It is not just at Manchester United where the fans are disillusioned with the Glazer family. Across the Atlantic in Florida, supporters of the Glazers’ other sports club, NFL team Tampa Bay Buccaneers have been far from happy at the way their club has been run. The Glazer’s are already widely hated by United fans but if the club’s fortunes start to mirror that of Tampa Bay, the feeling will be absolutely mutinous.

After winning the Super Bowl in 2003 under the ownership of the Glazers, Tampa Bay’s fortunes have suffered. They got to the play-offs in 2005 and 2007, but last season they finished bottom of their division winning a measly three games out of sixteen. It has been an alarming slump and despite the fact that the NFL is in rude health financially, making £2.14 billion a year from TV rights, which is shared equally amongst all the clubs in the leagues, Tampa Bay are only spending £54.75 million on player wages, by far the NFL’s lowest.

On the weekend Tampa Bay suffered the ignominy of a TV blackout, due to the team failing to sell all their tickets, which is a rule in the NFL. In a 65,900 capacity stadium, just 41,554 fans showed up, the lowest since they moved to the stadium. It has been a remarkable fall from grace, and it may well set alarm bells ringing at Old Trafford.

The issues of debt that Manchester United have been saddled with since the Glazers took over has been well publicised. The Glazers borrowed £559 million to buy the club in 2005, which have been put on to Manchester United to repay, that figure has since ballooned to £716 million, due to interest and other charges.

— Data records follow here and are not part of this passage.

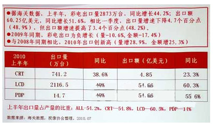 - 2010年上半年,彩電出口總量為2873萬臺(tái),同比增長(zhǎng)44.2%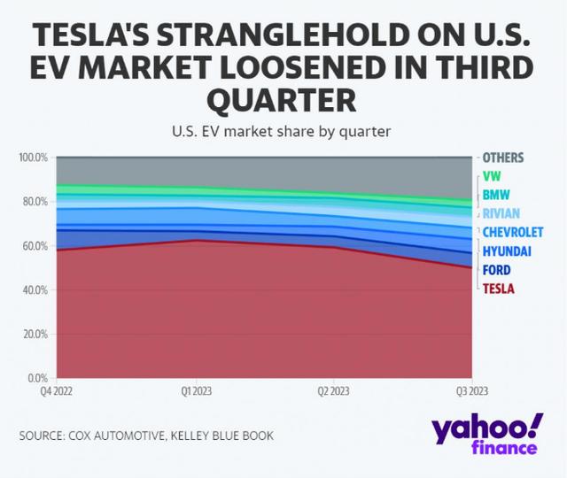 面对一帮卷王,即使是特斯拉也无法守住份额。“凯利蓝皮书”发布的报告称,美国第三季度电动汽车销量超过31.3万辆,比去年同期增长近50%。电动汽车在美国汽车市场中的份额达到7.9%,创历史新高。但在市场大好的情况下,特斯拉的份额出现下滑,从接近三分之二,下滑到了5成。与此同时,日产、福特、奔驰等对手的销量都出现明显提升。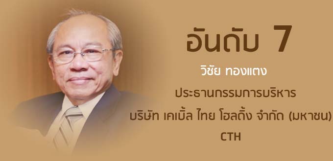 วิชัย ทองแตง ประธานกรรมการบริษัท เคเบิ้ล ไทย โฮลดิ้ง จำกัด (มหาชน) CTH ร่วงจากอันดับ 6 เมื่อปีที่แล้ว มาอยู่ในอันดับ 7 ในปีนี้ ถือครองหุ้นรวมมูลค่า 20,294.77 ล้านบาท เพิ่มขึ้น 165.46 ล้านบาท หรือ 0.82% ประกอบด้วยหุ้น BGH ในสัดส่วน 6.71% มูลค่า 19,235.87 ล้านบาท หุ้น บมจ.ฟอร์ท คอร์ปอเรชั่น (FORTH) 7.23% มูลค่า 454.59 ล้านบาท หุ้น บมจ.ปุ๋ยเอ็นเอฟซี (NFC) 8.04% มูลค่า 272 ล้านบาท และหุ้น บมจ.อาร์พีซี (RPC) 21.40% มูลค่า 332.31 ล้านบาท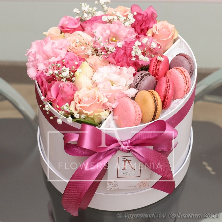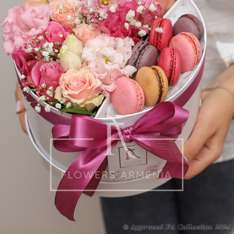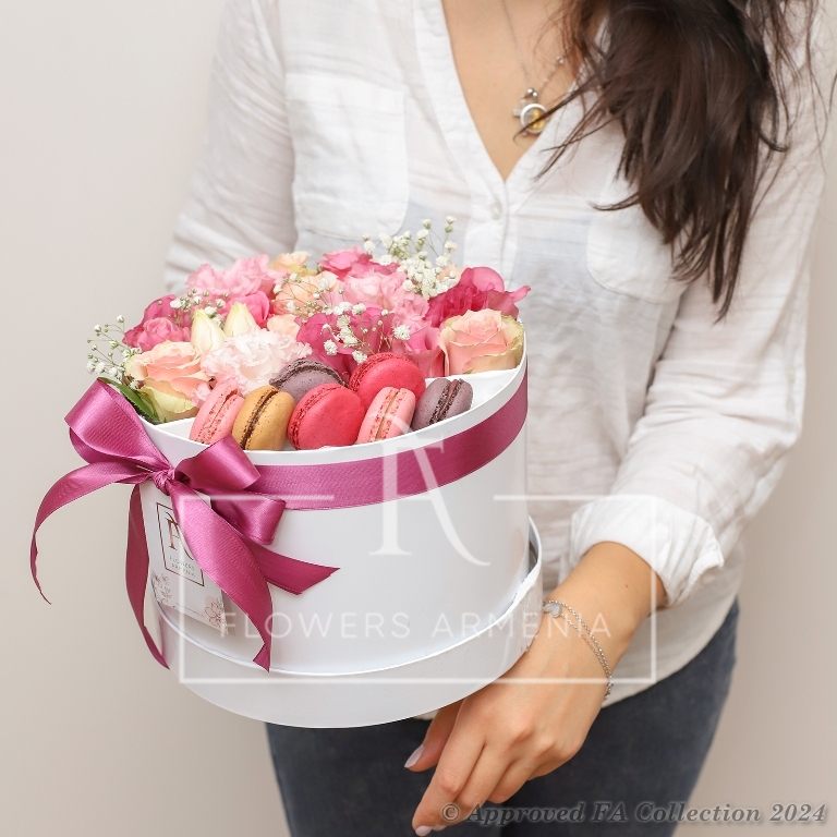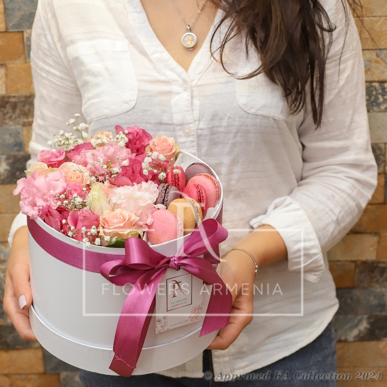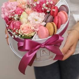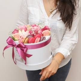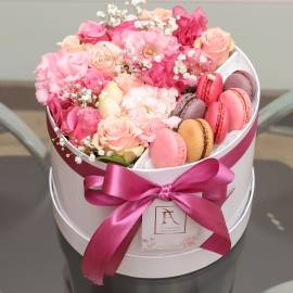 This mini-box flower and macarons display is nothing short of impressive. We have selected a variety of pastel-coloured blooms paired with a touch of greenery and sweet to create a truly rich display. Pamper somebody special on their birthday, anniversary or even just because with this elegant hatbox arrangement.

Many fans were unhappy when the Glazers took over, with fans organising protests against the Americans. Recently, the ‘Green and Gold’ movement has become a popular and powerful one, with David Beckham even sporting a scarf after a Champions League game against AC Milan. The movements impact has already been seen, for the first time since the stadium expansion in 2006 the club failed to sell all of its season tickets this year, echoing the situation at Tampa Bay.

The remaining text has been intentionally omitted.